Thursday 26 June 2014

Sounds to set the scene - Napoleonic martial music

Airs Militaires Ancien, by Musique De L'Air: I bought this album as a digital download via Amazon UK.

At one of the wargaming shows we occasionally attend, my wife Teresa suggested that one thing the beautiful display games lacked was music or sound effects to set the scene, and she also suggested that I ought to try and get this sort of thing, as part of my own endeavours. A great idea... thanks love!

The album pictured above was something I found after a bit of searching on the web. There are other albums, and I'll investigate further on this theme some time soon, I hope (time allowing). For the time being tho', a few brief word on this album. I can find very little info at all about the ensemble itself. There's a brief biog in English on the Naxos classical website (here), and some French sites with a little more info (such as this IMMS [international military music society] one, in French).

As a drummer myself, I'm rather fond of vintage military drums: I took this pic at NAM (the NAtional Army Museum, Chelsea), in Dec., 2013. I believe this may be French Napoleonic drum, although I'm not certain.

According to the album I'm writing about, Airs Militaires Ancien, was released on the Corelia label in 1975. There are 30 tracks, which split roughly into two halves. The first half of which have a lot of drumming, and a fair bit of brass-heavy orchestration. The latter half is even more brass-heavy, and mostly rather fanfare like. Being a drummer myself, I like some of the drummier stuff. And it has to be said some of the brassier stuff features a few duff high notes. But in a way this latter makes for a more 'authentic' vibe.
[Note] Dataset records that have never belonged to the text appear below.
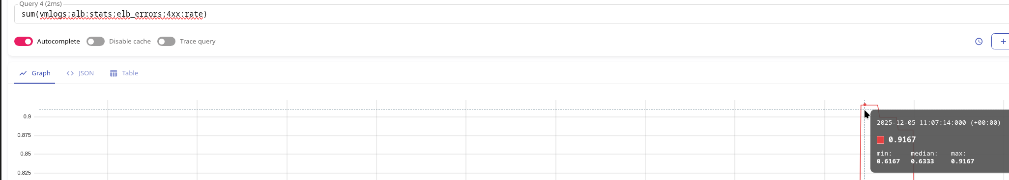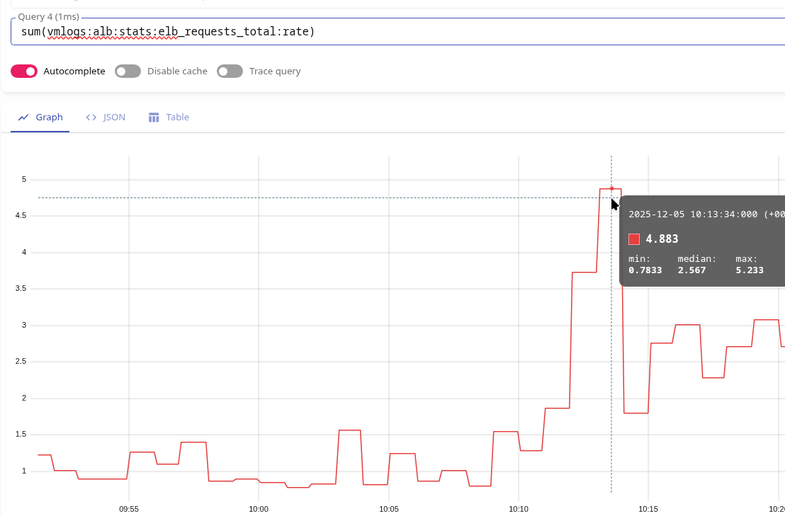 Замість vmlogs:alb:stats:elb_target_processing_time:count можна було б взяти vmlogs:alb:stats:elb_requests_total:count, яку ми робили вище – але в метриках target_processing_time ми прибираємо значення “-1”, яке буває в target_processing_time якщо підключення розірване чи завершилось помилкою, а в vmlogs:alb:stats:elb_requests_total:count у нас всі реквести без виключення.
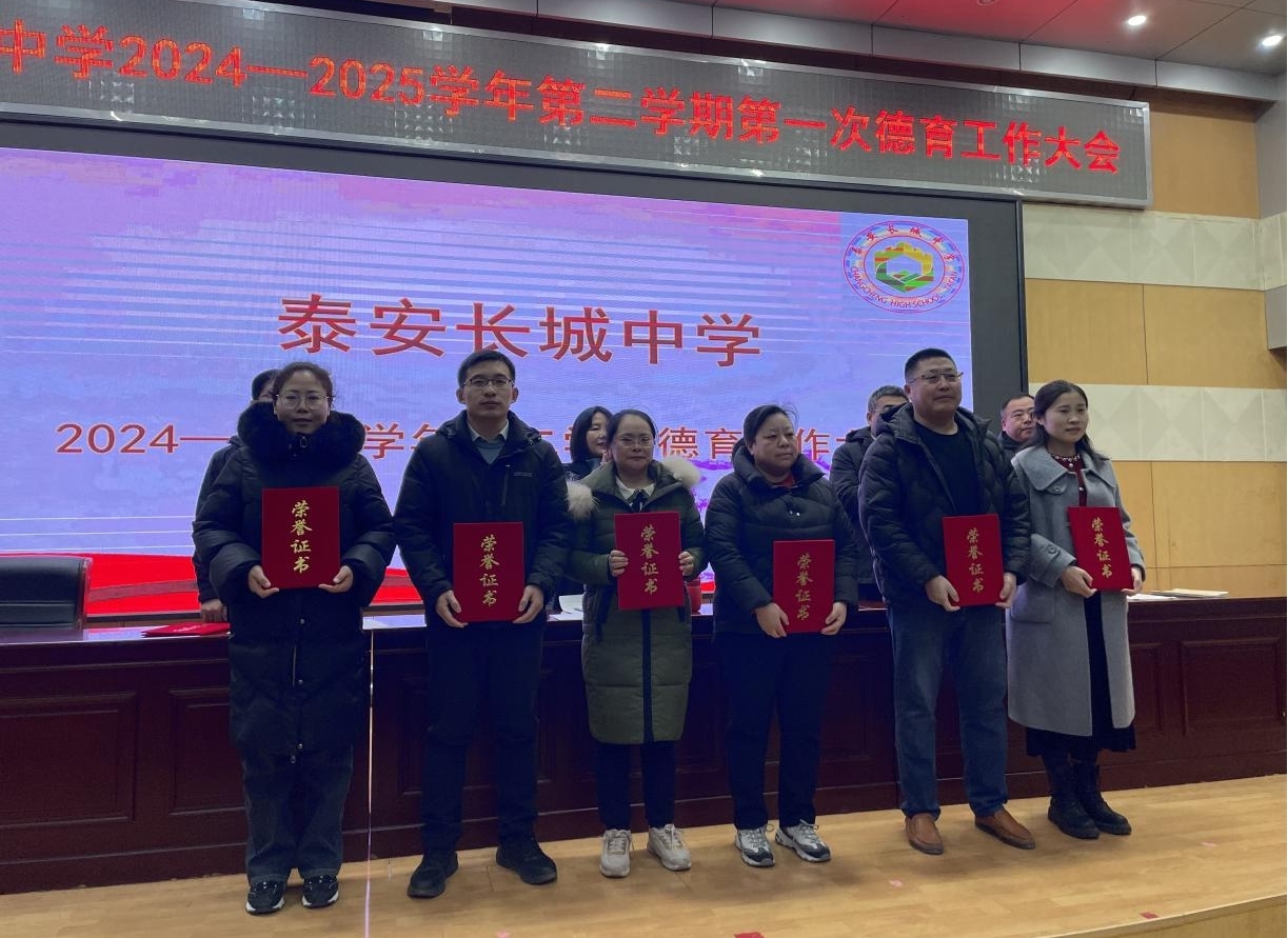 政教处主任王磊宣读了上学期班级量化先进班主任,并依次颁奖,对在过去一学期工作中表现出色的班主任予以表彰,激励全体德育工作者向先进学习。
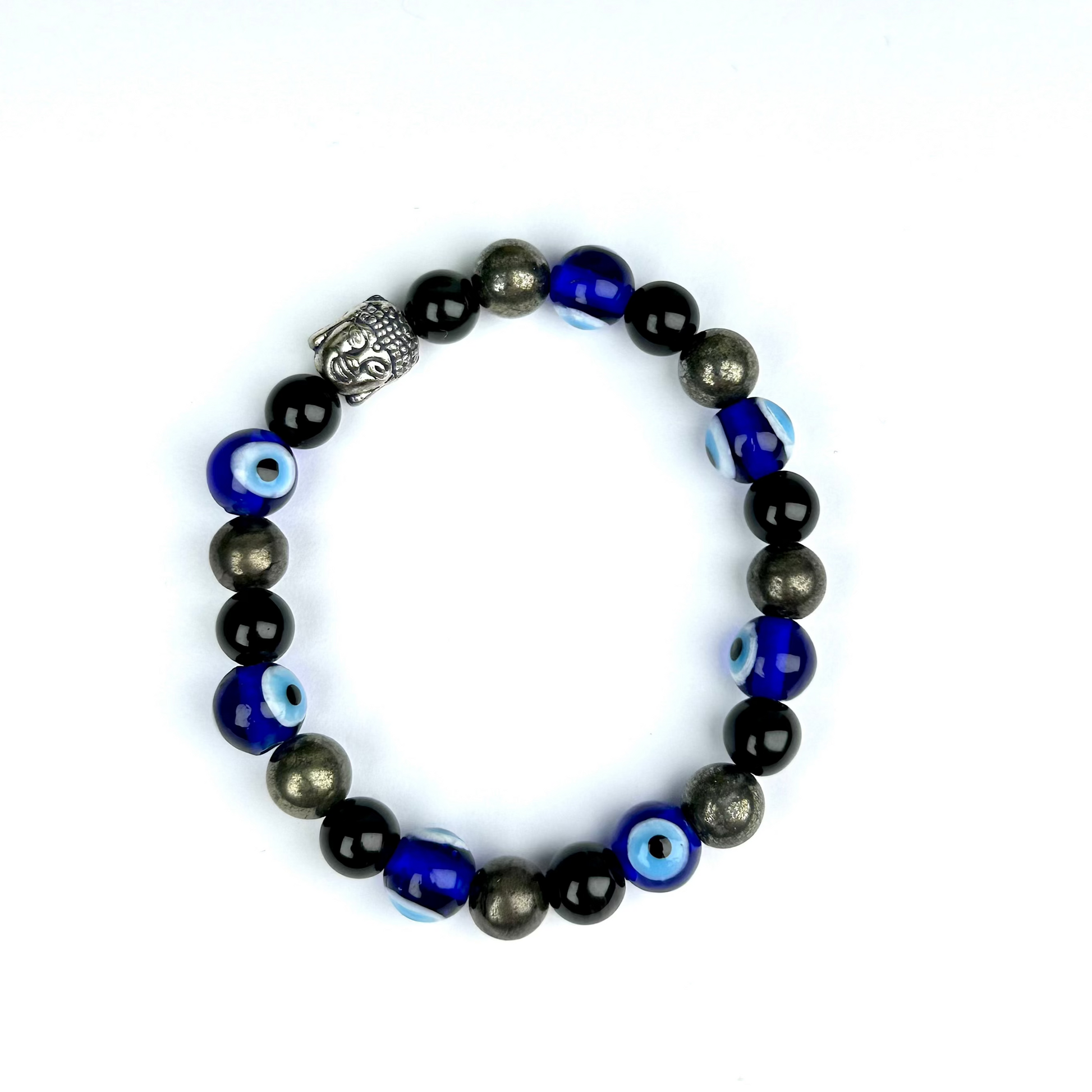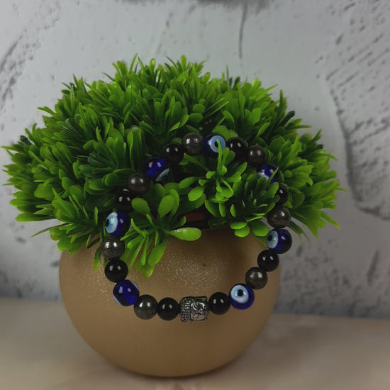 Wealth Shield Crystal Bracelet | Lab Certified | Pyrite and Obsidian | For Financial Gains, Protection and Abundance - Unisex, 8 mm beads Bracelet
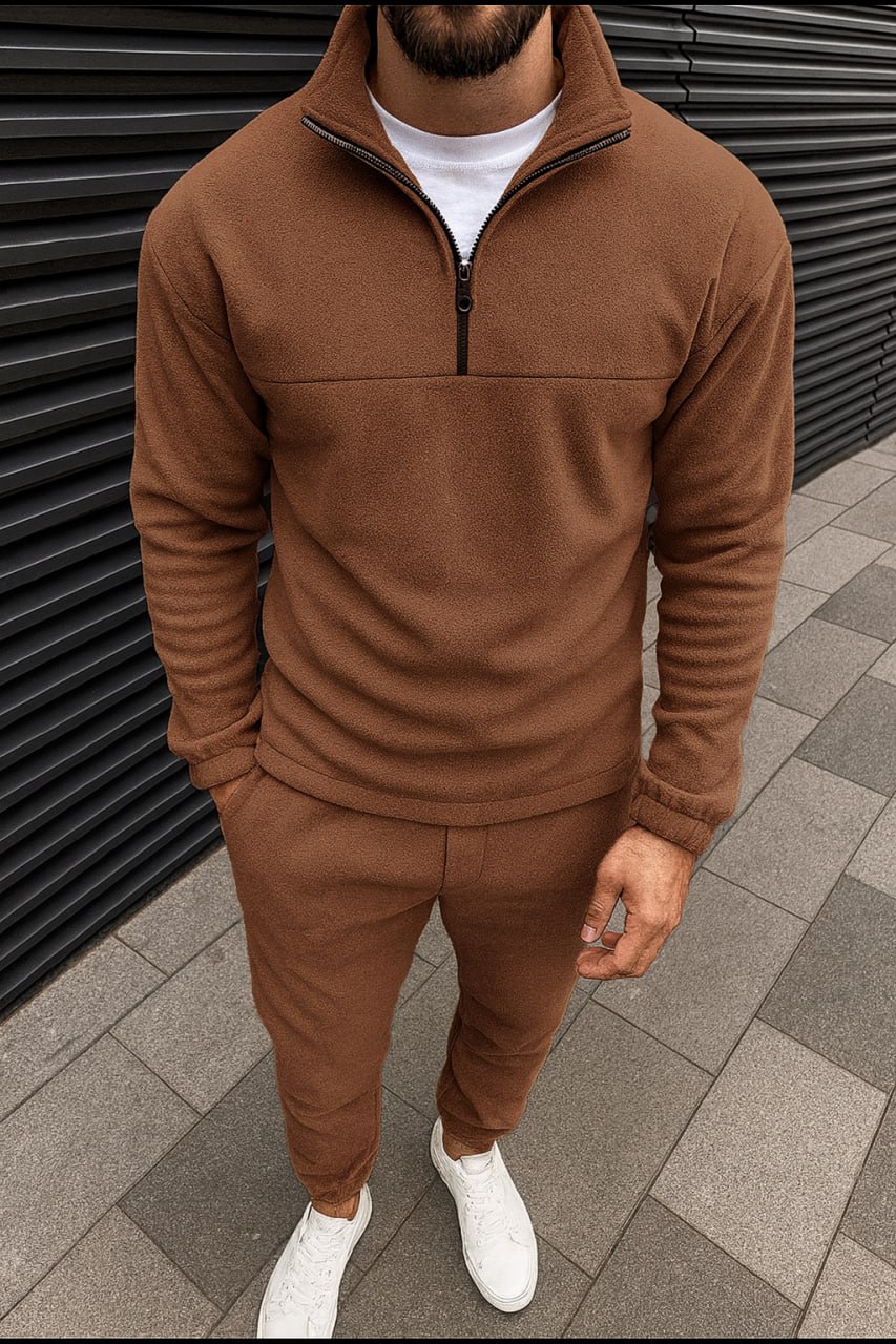 Чоловічий Теплий Коричневий Флісовий Костюм – Кофта з Коміром на Замку + Штани з Манжетами
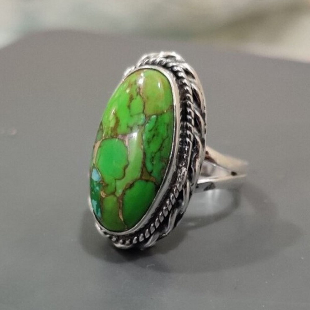 Highlight Features of Natural Green Turquoise Boho Ring
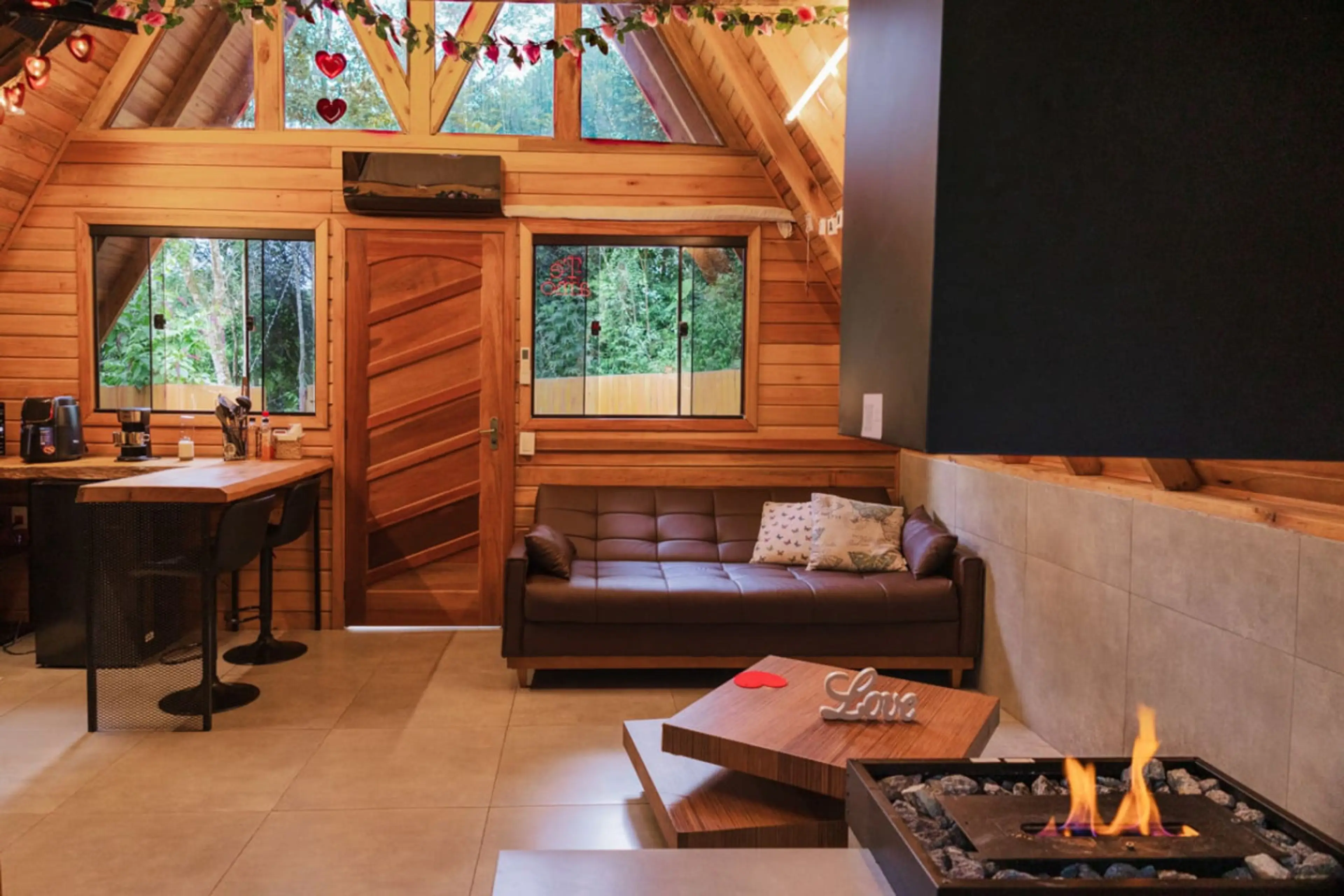 Chalé Estrela 35m²: Cama Queen Hidro Lareira Ofurô

You can't expect 100% perfect execution on the bloody 'field of glory'!

If anyone knows of any other suitable recordings, please let me know. And I'd be particularly interested in hearing about any sound-effect/sound-library type recordings with suitable sounds: cannon fire, thundering cavalry charges, the sound of horse and musket era mêlée-ing, etc.

Keeping with the musical theme, but returning to my own endeavours: I bought some Heroics & Ros Imperial Guard bandsmen at Salute '14, and back in April I painted them. The following pics are from a stage or two before they were finished (and they're still not based!).

Aargh... a battlefield decapitation! I re-attached his head: he's on the left of the pic below, post superglue-surgery.

Two pipers (one wounded - see above!), the 'jingling-johnny' guy, and a cymbalist.

The band-leader, with his fancy lace pantaloons and his mace (more like a Scots caber at this tiny scale!), and a grenadier drummer in his bearskin.

Close to my heart: the rhythm section.

The two guys at centre and left are playing the buccin (read all about it here), a serpent-headed trombone type instrument. I love that H&R went to the trouble of making the serpent-heads very clear... nice!

I like these guys so much, I wanted another angle on them: this is them from in front. Also visible here, on the right, is the 'serpent'!

As well as referring to my L & F Funcken volumes, and Rousselet, etc., I also scoured the web for info on painting and basing them, and found a fair bit. One of the most helpful pages can be linked to here. Still not decided quite how to base them tho'.